Problem to work on
Please repeat each line below exactly, with no images in the copy.

Source data
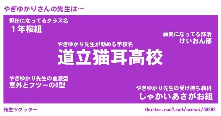 | 恥ずかしいあだ名 | 『プリティーやぎゆかり』『やぎっちょ』 |
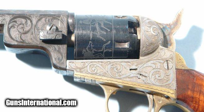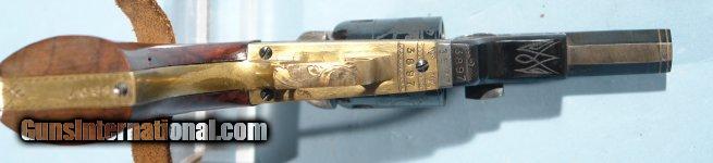 Description: ITALIAN REPRODUCTION ENGRAVED COLT BABY DRAGOON .31 CAL. PERCUSSION 4” REVOLVER ca. 1970’s. Excellent quality copy of the original and in mint condition. Unfired. Fine engraving and very handsome burl walnut grips. SOLD |
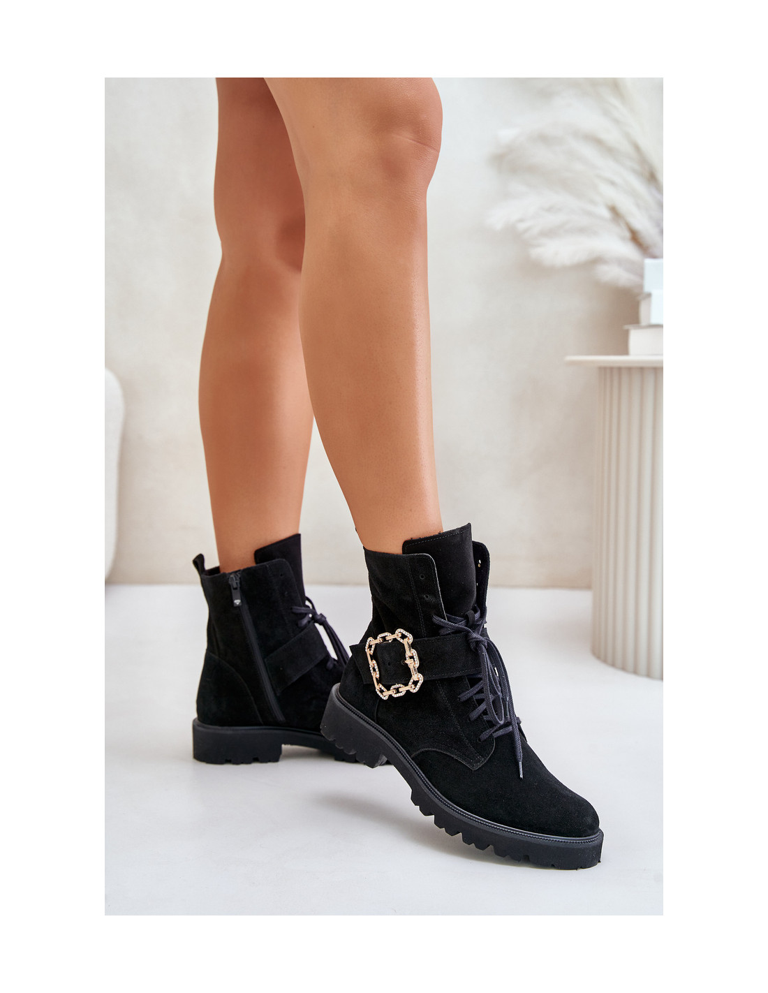 Moteriški batai iš aukštos kokybės natūralios zomšos. Nustatyti ant plokščio kulno, todėl jie yra itin patogūs ir stabilūs. Užsegamas užtrauktuku viršutinės dalies šone ir suvarstomas. Pagrindinis šio modelio privalumas – dekoratyvinė sagtis, kuri suteikia išskirtinio žavesio. Suapvalinti kojų pirštai. Jūs tikrai turėtumėte juos turėti! Renkantis dydį, vadovaukitės dydžių lentele.
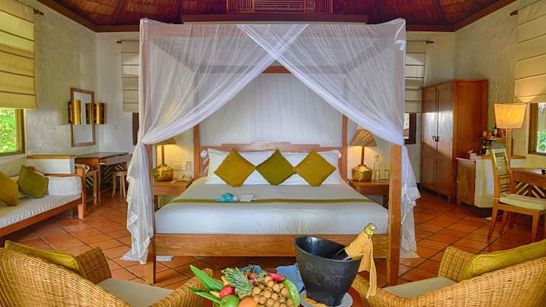 Die Villen sind stilvoll eingerichtet und verfügen über eine eigene Terrasse mit Sitzgelegenheiten im Freien. Die Ausstattung umfasst Klimaanlage, Minibar, WLAN, Safe und private Badezimmer mit kostenfreien Pflegeprodukten. Es gibt verschiedene Typen, darunter Beach Villen, Lagoon Villen, Sunset Lagoon Villen und Deluxe Villas, die jeweils unterschiedliche Ausblicke und Annehmlichkeiten bieten.
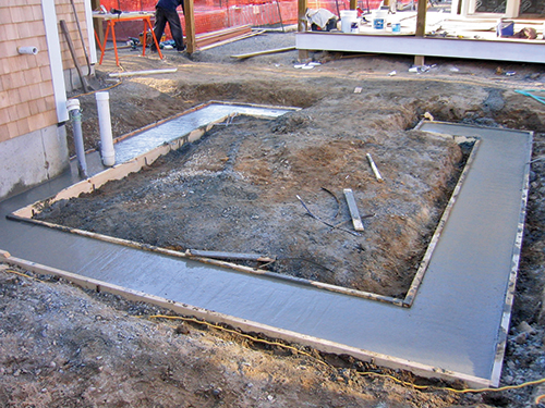 After the wall footings were placed, Damian's team then began laying in a permeable sand base. ''It's important to get the water out in a location like Nantucket. The drier things are here the more stable they are,'' said Damian. His team poured in 3 to 6 inches of sand, compacted it and added more, compacted it again, repeating the process until they reached the prescribed level.

Output of the exercise
 | 恥ずかしいあだ名 | 『プリティーやぎゆかり』『やぎっちょ』 |
 Description: ITALIAN REPRODUCTION ENGRAVED COLT BABY DRAGOON .31 CAL. PERCUSSION 4” REVOLVER ca. 1970’s. Excellent quality copy of the original and in mint condition. Unfired. Fine engraving and very handsome burl walnut grips. SOLD |
 Moteriški batai iš aukštos kokybės natūralios zomšos. Nustatyti ant plokščio kulno, todėl jie yra itin patogūs ir stabilūs. Užsegamas užtrauktuku viršutinės dalies šone ir suvarstomas. Pagrindinis šio modelio privalumas – dekoratyvinė sagtis, kuri suteikia išskirtinio žavesio. Suapvalinti kojų pirštai. Jūs tikrai turėtumėte juos turėti! Renkantis dydį, vadovaukitės dydžių lentele.
 Die Villen sind stilvoll eingerichtet und verfügen über eine eigene Terrasse mit Sitzgelegenheiten im Freien. Die Ausstattung umfasst Klimaanlage, Minibar, WLAN, Safe und private Badezimmer mit kostenfreien Pflegeprodukten. Es gibt verschiedene Typen, darunter Beach Villen, Lagoon Villen, Sunset Lagoon Villen und Deluxe Villas, die jeweils unterschiedliche Ausblicke und Annehmlichkeiten bieten.
 After the wall footings were placed, Damian's team then began laying in a permeable sand base. ''It's important to get the water out in a location like Nantucket. The drier things are here the more stable they are,'' said Damian. His team poured in 3 to 6 inches of sand, compacted it and added more, compacted it again, repeating the process until they reached the prescribed level.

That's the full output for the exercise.